Just how effective is GOP gerrymandering in Texas, and what might a redrawn map look like in 2018 as a consequence of a favorable court ruling? In a recent detailed analysis, Daily Kos has examined a hypothetical nonpartisan congressional map for Texas as part of our ongoing series on how Republican congressional gerrymandering affected the 2016 elections.
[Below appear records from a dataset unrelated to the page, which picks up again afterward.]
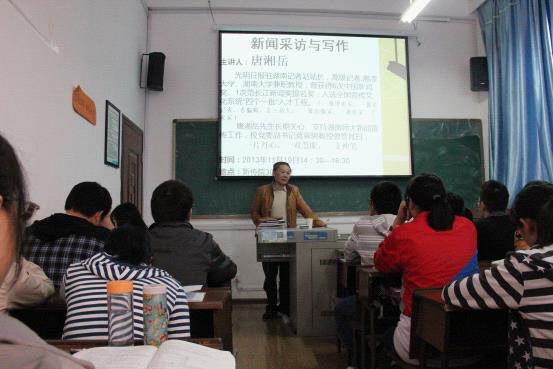 他就是光明日报驻湖南站站长,高级记者唐湘岳先生。“从业近四十年来,我只做过一份职业,那就是做记者,写稿件。”这是他的开场白,也是对自己职业生涯的简练介绍,他这些年来共发稿件两千余篇,曾登上光明日报头版头条两百余篇,六次获得中国新闻奖。这样一位在同学们眼中可以称得上“传奇”的名记者,从职业理想,专业素养等方面与同学们展开长达两个小时的交流。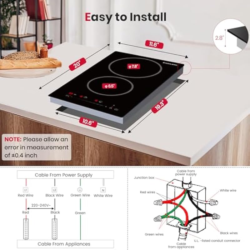 - 【240V Drop-in Electric Cooktop】This built-in electric hob is a high power appliance, suitable for 240v, there is no plug. Please find a qualified person to install it.Product size: 11.6” x 20.0” x 2.8”. Cut out size: 19.29” x 10.63”. Please make sure your cut out size before purchasing.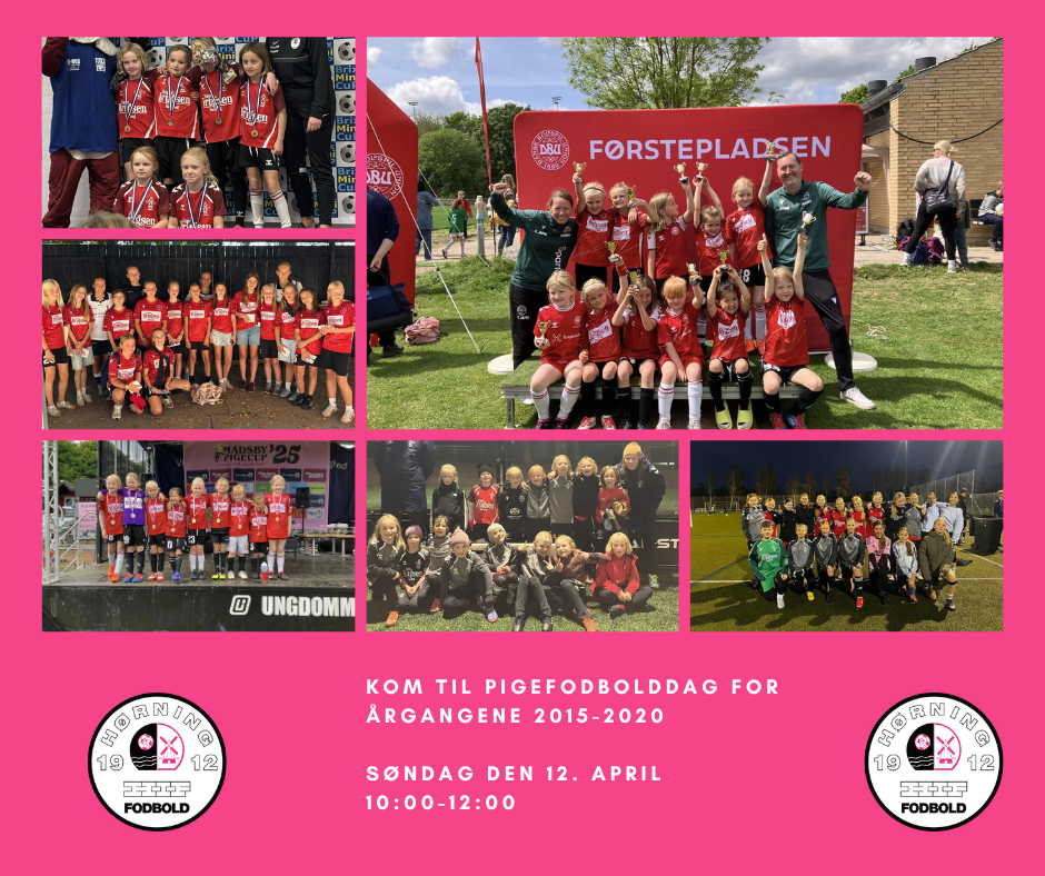Søndag den 12. april kl. 10:00-12:00 inviterer vi til pigefodbold på banerne i Hørning, hvor alle piger fra årgang 2015-2020 er velkomne.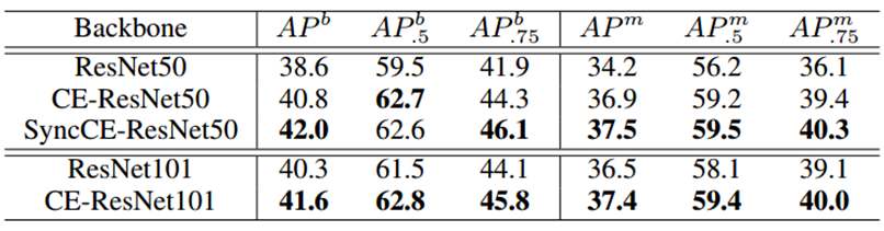 我们发现,CE可以很好的迁移到其他视觉任务中,比如物体检测,在Mask-RCNN框架下,使用预训练的ResNet50模型,多GPU同步的CE模块可以提升AP至42.0。
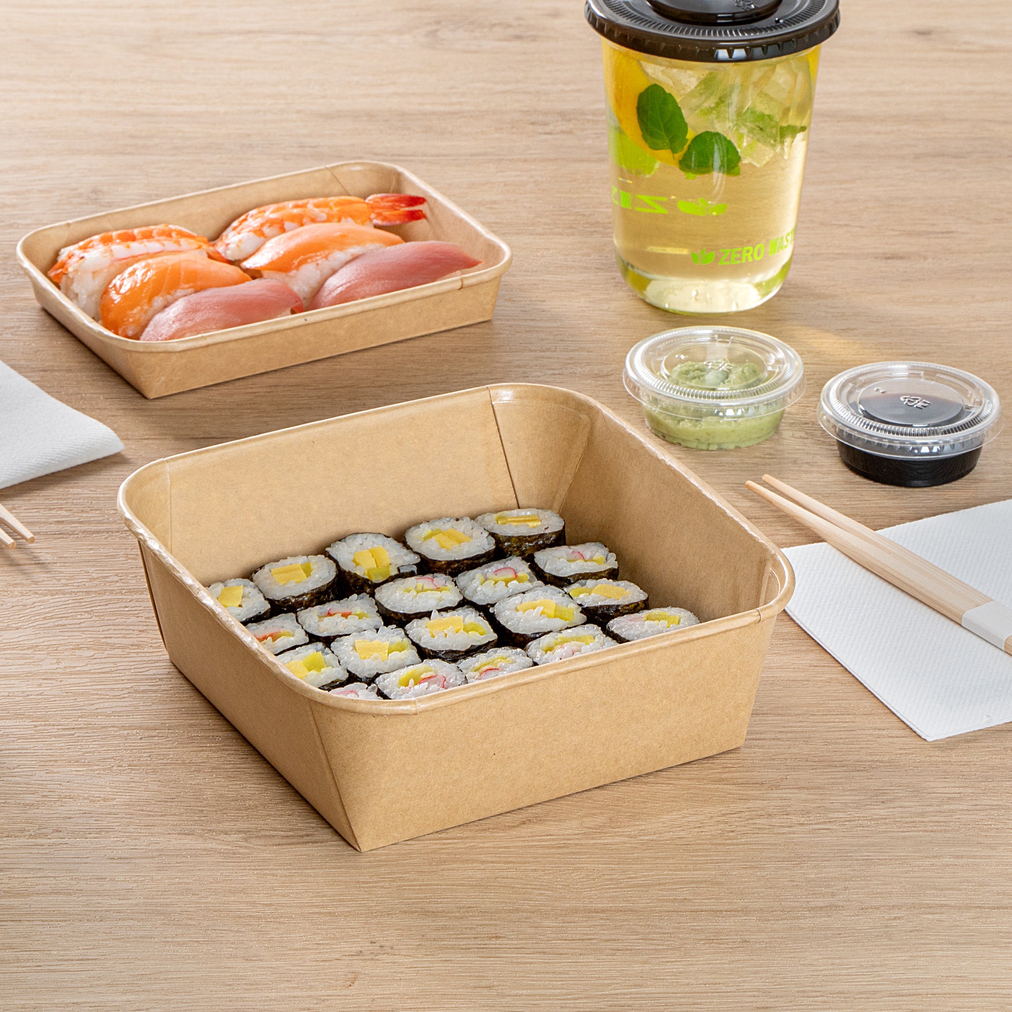 45 OZ SQUARE KRAFT PAPER SUSHI CONTAINER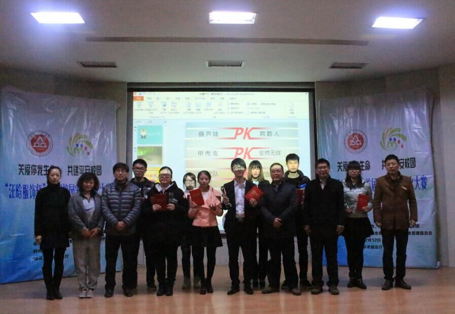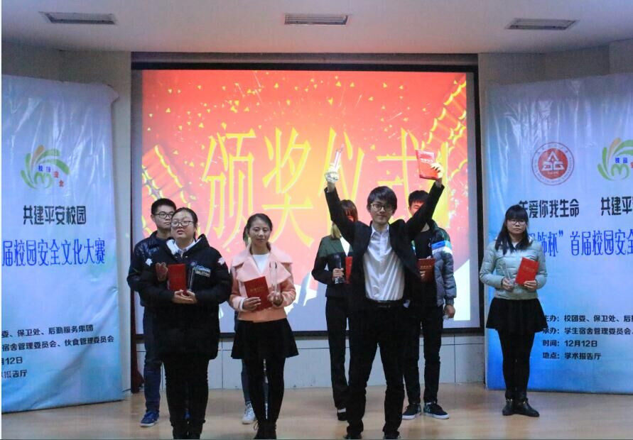 关爱你我生命,创建平安校园。12月12日,由校团委、保卫处、后勤服务集团主办,校学生宿舍管理委员会和伙食管理委员会承办,各学院学生会协办的“汪晗服饰杯”首届校园安全文化大赛决赛在学术报告厅成功举行。后勤服务集团总经理魏长顺等活动主办单位相关领导及各学生组织观看了本次比赛。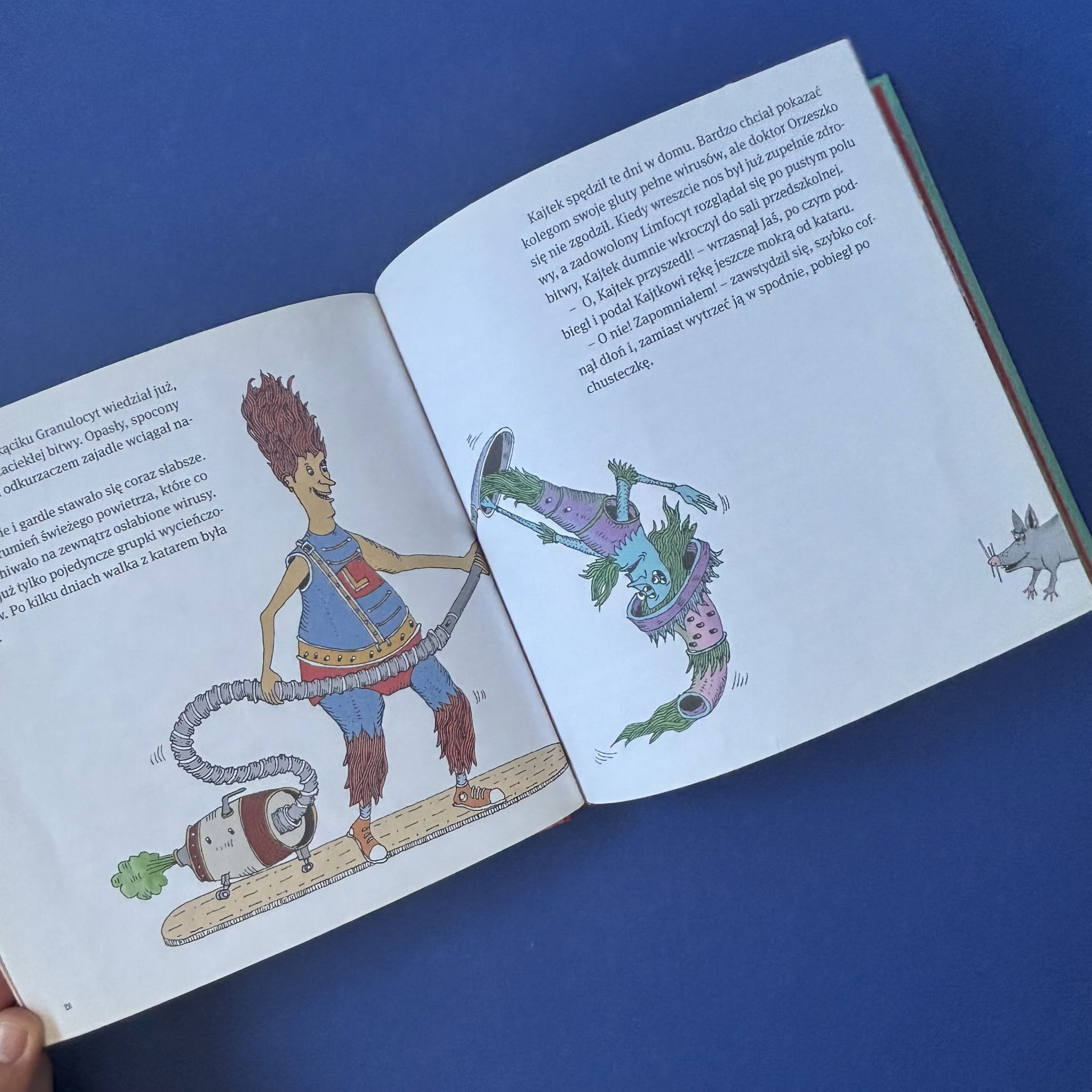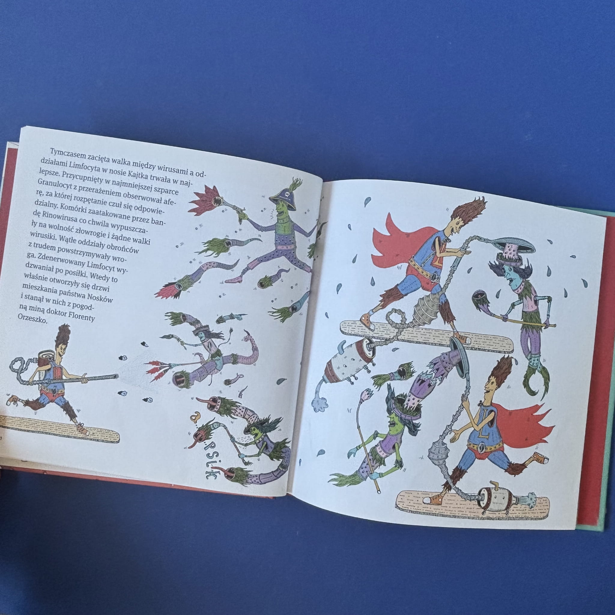 Książka opowiada o przygodach doktora Florentego Orzeszki, który w humorystyczny sposób tłumaczy dzieciom, czym jest przeziębienie. Przedstawia inwazję rinowirusów na organizm oraz reakcję układu odpornościowego, ukazując limfocyty i inne komórki jako bohaterów walczących z infekcją. Ilustracje Ignacego Czwartosa dodają opowieści dynamiki i pomagają dzieciom zrozumieć procesy zachodzące w ich ciałach podczas choroby. Książka łączy elementy edukacyjne z zabawną narracją, czyniąc temat zdrowia przystępnym i interesującym dla najmłodszych czytelników.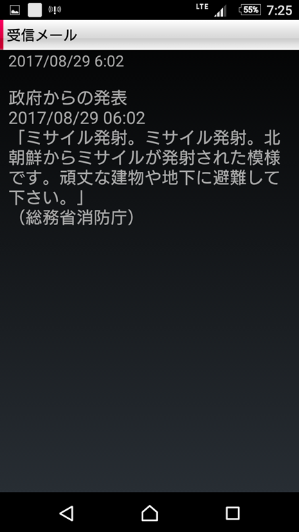 安倍首相は北朝鮮のミサイル発射の一部始終は完全に把握していると記者会見で言っていましたが、実際、発射されたのが午前5時58分とのことですから、その4分後には最初のJアラート、その12分後に上空通過のメールを受信。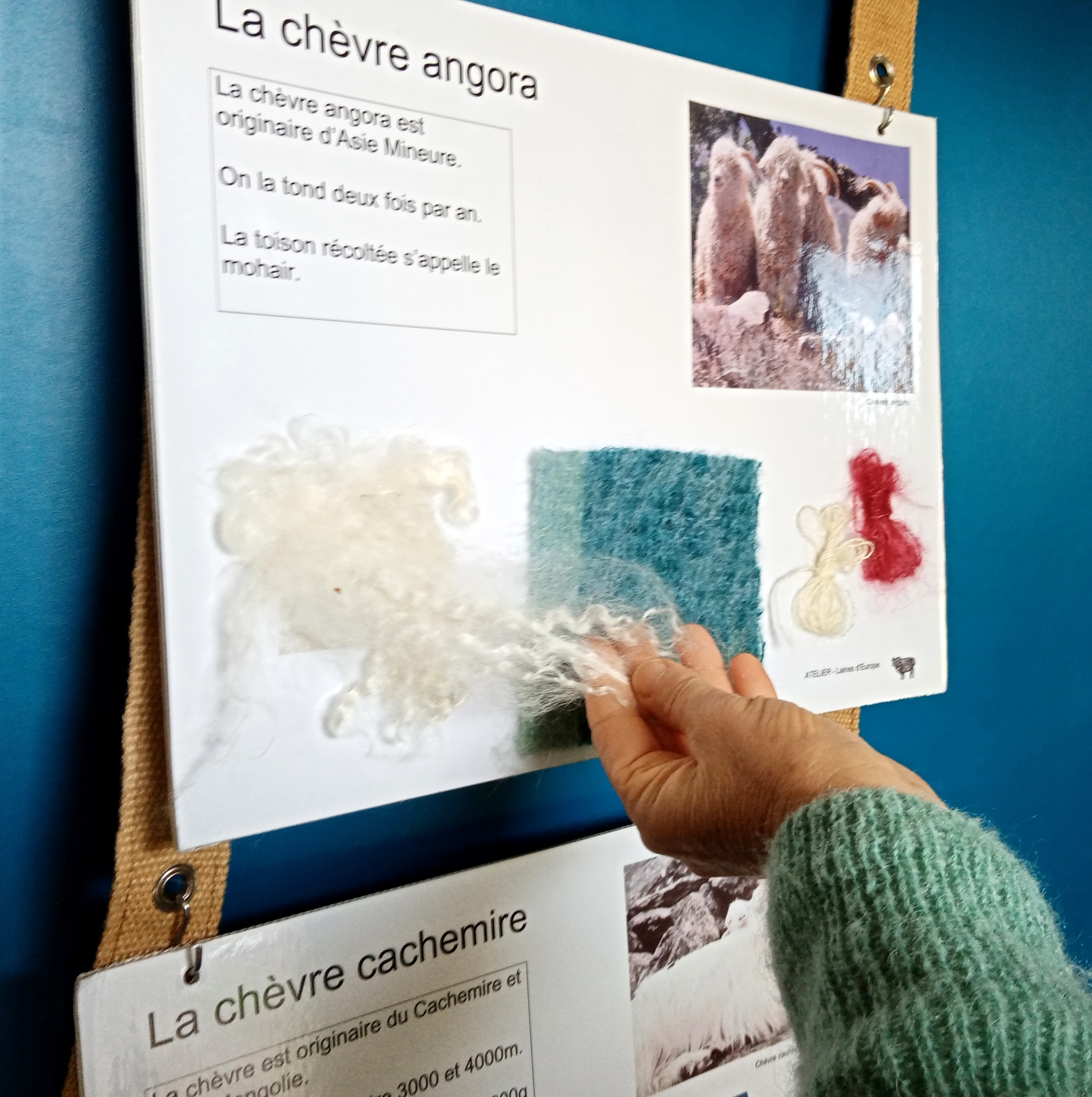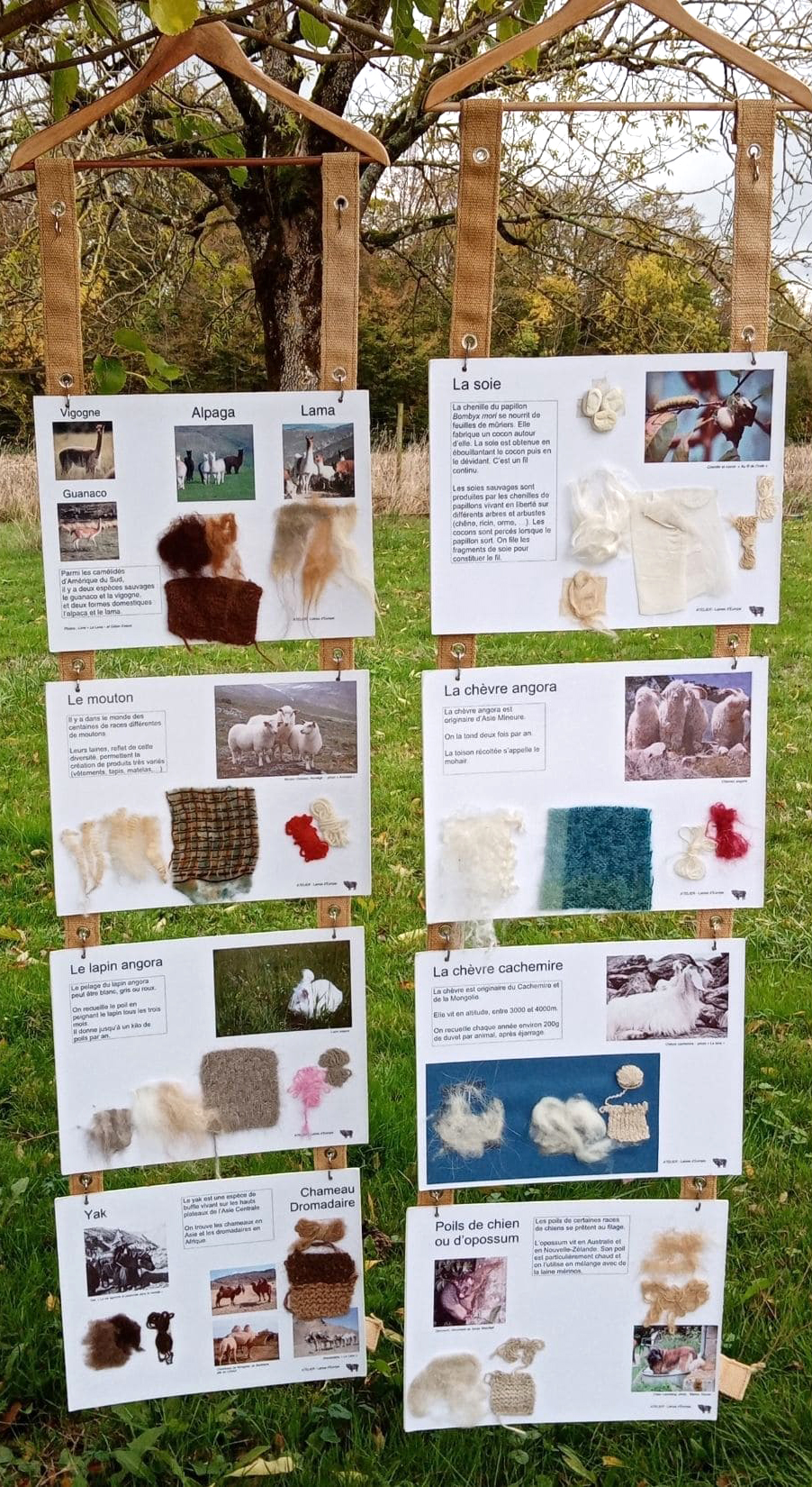 Chaque panneau se compose d’un titre, d’une courte explication, de photos, d’échantillons de fibres et de produits issus de ces fibres.

Using this map, we conclude that GOP gerrymandering likely cost Democrats four to five House seats in Texas alone last year, while also reducing the number of seats where Latino voters could elect their preferred candidates by three. However, the current litigation is highly unlikely to produce such a map even if the plaintiffs prevail, since partisan gerrymandering is not on trial here. Nevertheless, there is a strong chance that a plaintiff victory would result in at least two to three extra seats where Latino votes would be able to elect the candidates of their choice, who would almost certainly be Democrats.
Election Administration
● Michigan: After Donald Trump shockingly won Michigan by an ultra-slim 0.2 percent margin last year, Michigan’s voting system received heightened scrutiny amid a drive to conduct a statewide recount. Although the Michigan Supreme Court ultimately blocked that recount push, it revealed widespread problems in Detroit especially, where the votes in over half of all precincts couldn’t have even been recounted thanks to discrepancies. A post-election audit concluded there was “an abundance of human errors” by election administrators that contributed to the problem.
In that light, the Aug. 8 Democratic primary for city clerk, Detroit’s chief elections official, has seen incumbent Janice Winfrey looking unusually vulnerable, and several candidates are running to oppose her. They include Heaster Wheeler, a former county official and former Detroit NAACP director, and city technology director Garlin Gilchrist, who is pledging to implement reforms to prevent another repeat of 2016 while making voting easier. Detroit is the most Democratic major city in America, and with nearly 700,000 residents in a key swing state, having efficient and reliable elections that make voting easier is vital.